We find our bus back to our little village in the huge bus
terminal situation that is set outside of the city walls in Valleta. There are 2000 bus stops in Malta. You can pretty much reach anything by public
transport and it’s super cheap. Oscar’s
free and winter fee is one euro and 50 cents per person
with transfers for two hours. I want dessert at the first place we ate our first night, but there is premier league soccer going on and every place is packed, the boys can’t find a table where they can see the match and it turns out, I have two boys who could care less about being at a table with me because of the game. We try to get some extra sleep tonight, but at 1am, John and I are both awakeafter one of our adapters overheats and blows my cell phone out of it with a burning smell.

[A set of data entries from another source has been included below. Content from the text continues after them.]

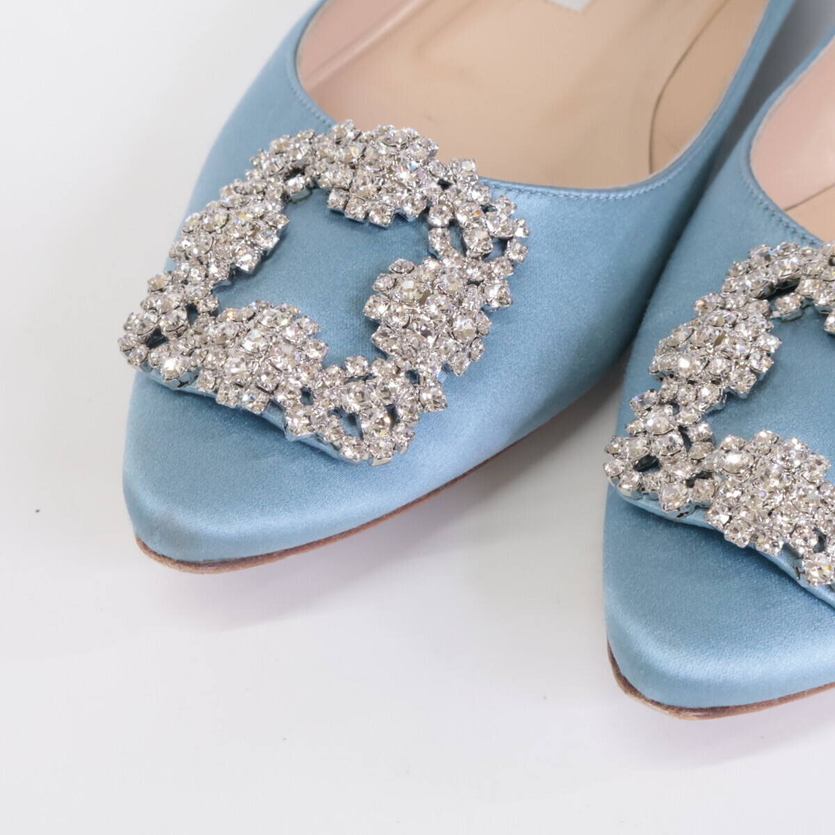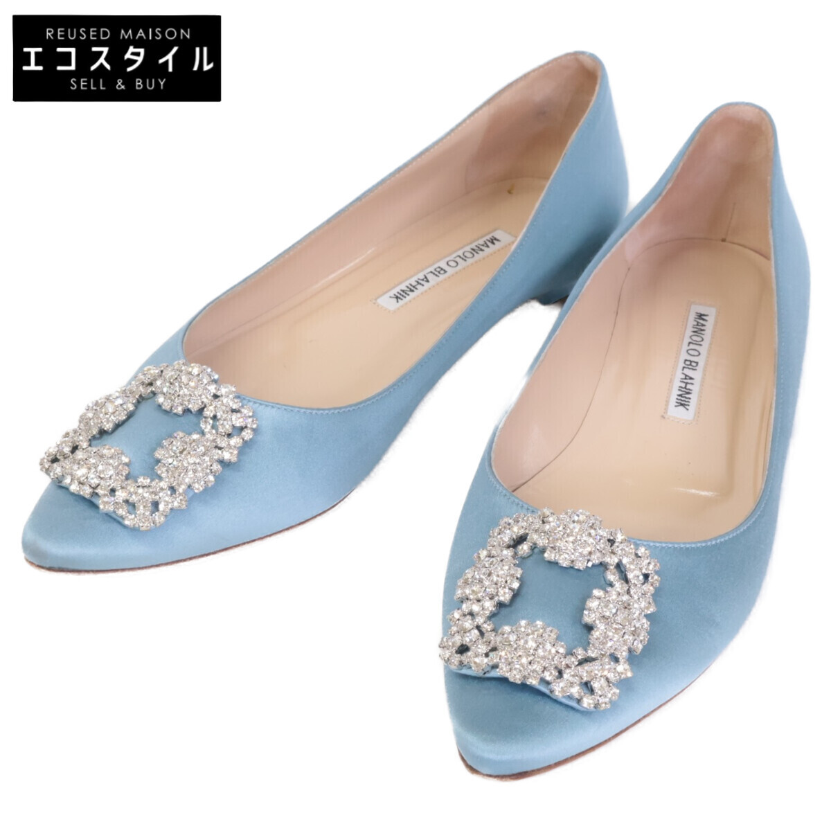 商品名 マノロブラニク HANGISI ハンギシ サテン ビジュークリスタル ストラスバックル フラットシューズ
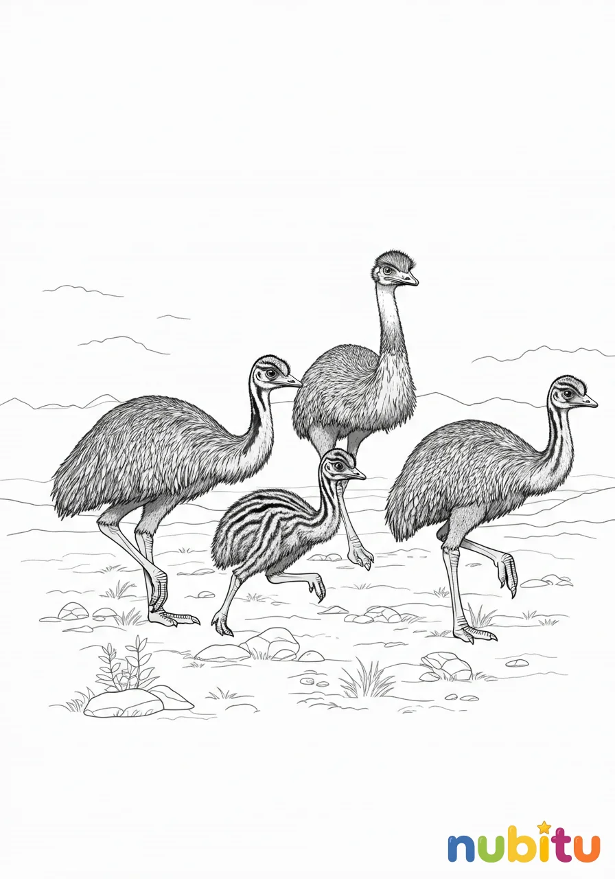 Varios emús jóvenes, con su plumaje rayado característico, corretean y descubren el mundo bajo la atenta mirada de un adulto. Su energía es contagiosa, invitando a los pequeños artistas a capturar su alegría.
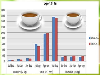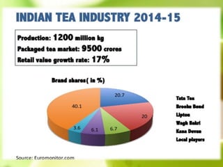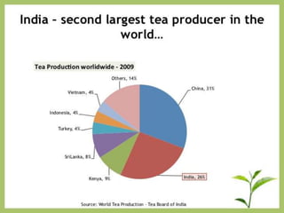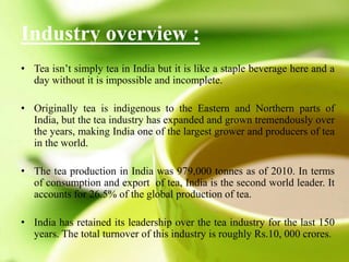 The document provides an overview of the tea industry in India, highlighting its significance as a staple beverage and the growth of production and consumption over the years. India is the second-largest tea producer globally, accounting for 25% of the total production, with major brands like Tata Tea and Brooke Bond dominating the market. The tea sector is labor-intensive, employing over 1.1 million workers, and has diversified into various types, including green and herbal teas to meet changing consumer preferences.
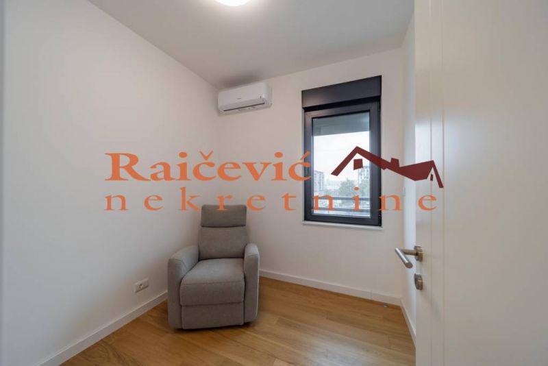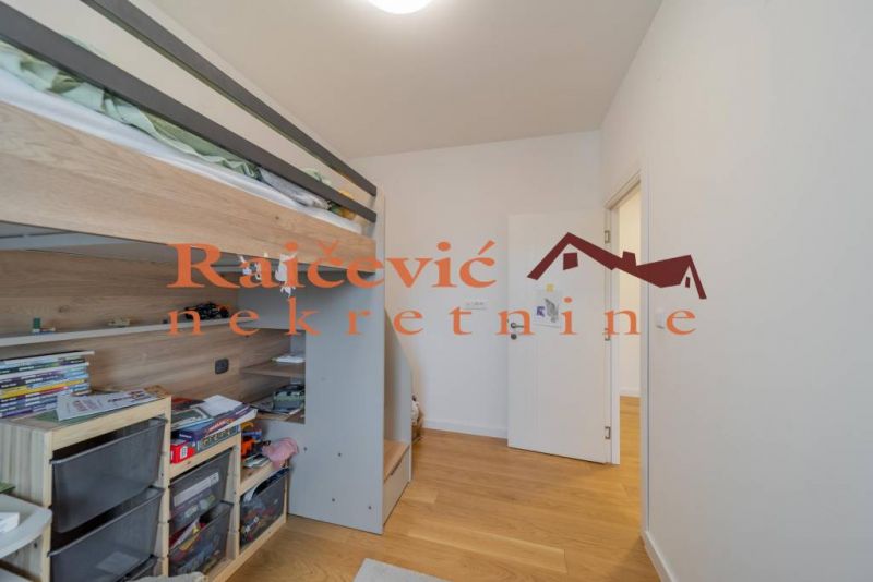 Prostorije: dnevna soba sa kuhinjom i trpezarijom (open space koncept), lodja na koju se izlazi iz dnevnog boravka, roditeljska soba sa terasom, 2 decije sobe, hodnik, kupatilo i wc.

So, we can’t go back to sleep for a while and have unplugged everything from the walls. But this is what I get for getting one of the universal adapters at the crazy store…..none of the others have acted this way. But my lord are we connected on this trip. There’s so much that needs to be plugged in, the laptop, the 3 cell phones, the batteries for the cameras, my fitbit so that I can keep up with our stepcounts….it’s a lot. We get
up and enjoy the balcony again, do some laundry in the sink because we need socks and Oscar needs some more pants before we get to Athens. I do some shopping around the place and we have a nice easy morning before John decides that we should take some buses to see more of the island. We get on the first bus and we decide to get off at a stop to catch a bus out to Mdina, but there appears to be no way to cross the street at Bombi stop to get the busses going the other way. You would be taking your life in your hands to cross that street and we just take two more stops up to get to the Valleta terminal and then catch a bus out to Mdina. We get to Mdina and are trying to get pictures of it from the bus window, which never works well. But the city rises out of the plain in such a way, that you have to try to capture it. We get off at the first stop that we think is a good one and it happens to be right in front of the Roman villa that I wanted to see. So, I go in there while Oscar and John walk around the city gardens. There is a Malta fun train here too and it appears to go around the walled city and out of it, so we
give in to a 5 year old who wants to ride in the train….It turns out to be a good choice because we weren’t wanting to walk this far and we get that nice picture of Mdina from a distance that we wanted on the bus. The little train is not the best for taking pictures out of either because it’s kind of bumpy, but Oscar gets to wave to people as we pass and we get to see all the things around Mdina. It’s cold and windy today and when we get off the train, we have to go warm up by entering Mdina proper and finding a cafĂ© for coffee
and a donut for Oscar. We get lost in Mdina’s twisting, turning small, alleyways, but you can’t seem to get upset about it because you know that there’s not far to go and it’s beautiful. Every house seems to have a Della Robbia ceramic at their door that is of Mary or fruit and I want one. Can you see that in Canadian Lakes, Michigan? No, not really, but it works here. We head back to Valleta to catch a bus back to our little village and this doesn’t take
as long as you would think. But we do finally see some of Malta’s rush hour and are glad that we got on the bus first because it keeps filling up and filling up with people going home from work. We head back to the place right under us because Oscar’s pizza looked so good, I want one. We have heard mainly Maltese here, some English and some Italian because this place is seen as an extension in some ways of Sicily. There is a ferry that goes there regularly and there is a ton of pasta, pizza and other amazing Italian dishes, so I’m not feeling guilty about pizza. There’s also an amazing gateau that goes with it to top off the night and the waiter remembers us. We’re starting to be remembered in this little town and everyone has been incredibly friendly to us. We spend the night preparing Oscar for the fact that he has to be a “big boy” tomorrow because we have tickets to the hypogeum where they only let 10 people in an hour and is an enclosed space where you have to be 6 or older to get in. We had to get these tickets a couple of months ago and are looking forward to this. I’m worried about him being in a tour where we can’t get out and it’s really enclosed….but it is what it is. Which is how I finally get to sleep successfully.